The “We are still in” coalition opened a 2,500-square meter (27,000-square foot) tent pavilion outside the UN Climate Change Conference in Bonn, Germany on Thursday, where delegates from almost 200 nations are working on details of the agreement, which plans to eliminate fossil fuel by the year 2100.
The U.S. government delegation office at the talks is much smaller since Trump wasn’t invited.
“There is a tradition of non-partisanship for protecting our planet,” said James Brainard, the Republican mayor of the town of Carmel, Indiana, at an opening event. “It is unfortunate we have moved away from it.”
Trump said in June he would pull out of the Paris Agreement and promote coal and oil industries in the U.S.
The “We are still in” campaign is made up of states, cities, universities, faith groups and environmental activists who want delegates from other nations at the Nov. 6-17 United Nations talks to know that many Americans don’t agree with Trump’s pull-out.
According to the organization, they represent “more than 130 million Americans and $6.2 trillion of annual economic output,” Reuters reported.
Fiji, which is presiding at the UN talks, praised the coalition, calling it a “perfect example” of how the Paris accord aims to widen action beyond national governments.
California Gov.

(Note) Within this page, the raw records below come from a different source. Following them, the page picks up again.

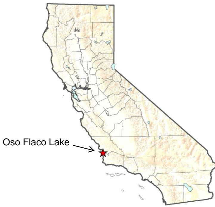
FIGURE 1. MAP SHOWING LOCATION OF OSO FLACO LAKE IN CALIFORNIA

The finding of chemicals in fish tissues from Oso Flaco Lake prompted the Office of Environmental Health Hazard Assessment (OEHHA) to develop this advisory report. The basic OEHHA process to develop consumption advice involves these steps: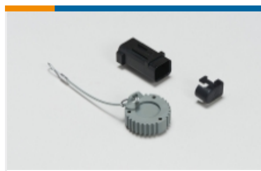
Automotive Connector Caps & Covers (2)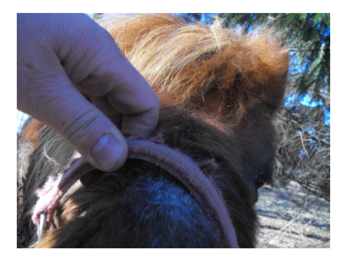
Theodore's halter was embedded in face. His fur had grown around the halter on his nose and had also grown over the halter behind his ears.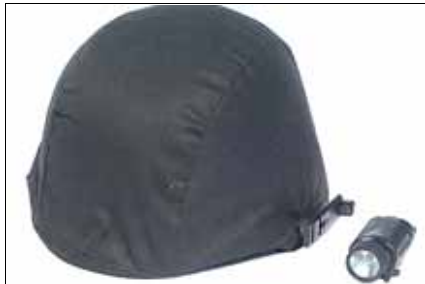
Helmet Mount For Hands-Free Search

The LIGHTLINK ARMS #17 Mount permits you to mount Streamlight, Glock, and Laser Devices tactical lights, Springfield Armory tactical lights (requires a rear block spacer), or Surefire's X200 or Millennium lights (requires a different locking bar). The LIGHTLINK ARMS #17 Mount will also permit you to mount, when using the LIGHTLINK Universal Adapter, other common firearm accessories.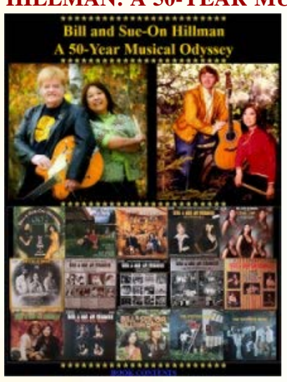
BOOK COVER BOOK CONTENTS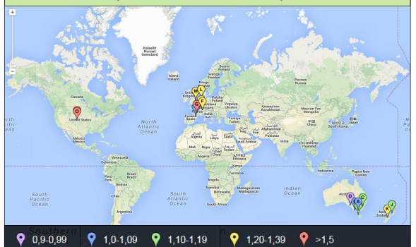
Relative Yield (2050s RCP 8.5/actual)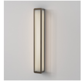
CODE: 1370005 (8331) FINISH: BRONZE

TO MAINTAIN THIS PRODUCT TO ITS BEST CONDITION, PLEASE VIEW OUR CARE AND CLEANING GUIDE ON THE SUPPORT SECTION OF THE ASTRO WEBSITE.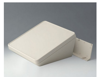
B4422207 PROTEC 220, Vers. II ASA+PC (UL 94 V-0) off-white RAL 9002 8.66"x8.66"x4.25" IP 65 opt.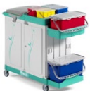
Magic System 720E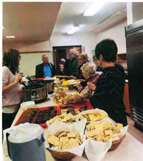
Lenten Soup Supper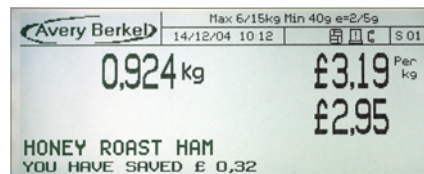
Promotional offers clearly displayed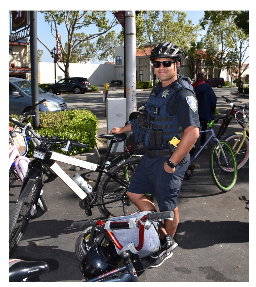
A San Leandro Police Department bicycle officer.

Figure 23 displays bicycle collision locations with injury severity throughout the City of San Leandro.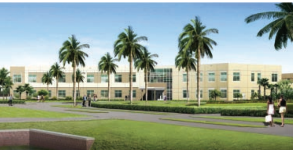
TOP: The new Fine and Performing Arts building BOTTOM: Rendering of completed University School Lower School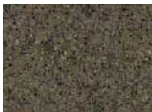
Maui Granite Dark Shade (raised edge will capture liquids)

Jerry Brown is leading the battle over U.S. climate policy and vowed to help the country reach its emissions reductions targets despite Trump’s withdrawal from the Paris Accord. He’s been named the special adviser for states and regions at the talks.
Brown called climate change an existential threat and said he’s going to announce in Bonn that more signatories will be joining the “Under2 coalition,” a global community committed to decarbonization and supporting the Paris agreement’s climate goal of keeping the rise in global average temperatures below 2 degrees centigrade.
He added that the goal should be to get to zero emissions by 2050, and said that “in addition to the national leadership, there is a big opening for those governmental entities below the national state to do their part.”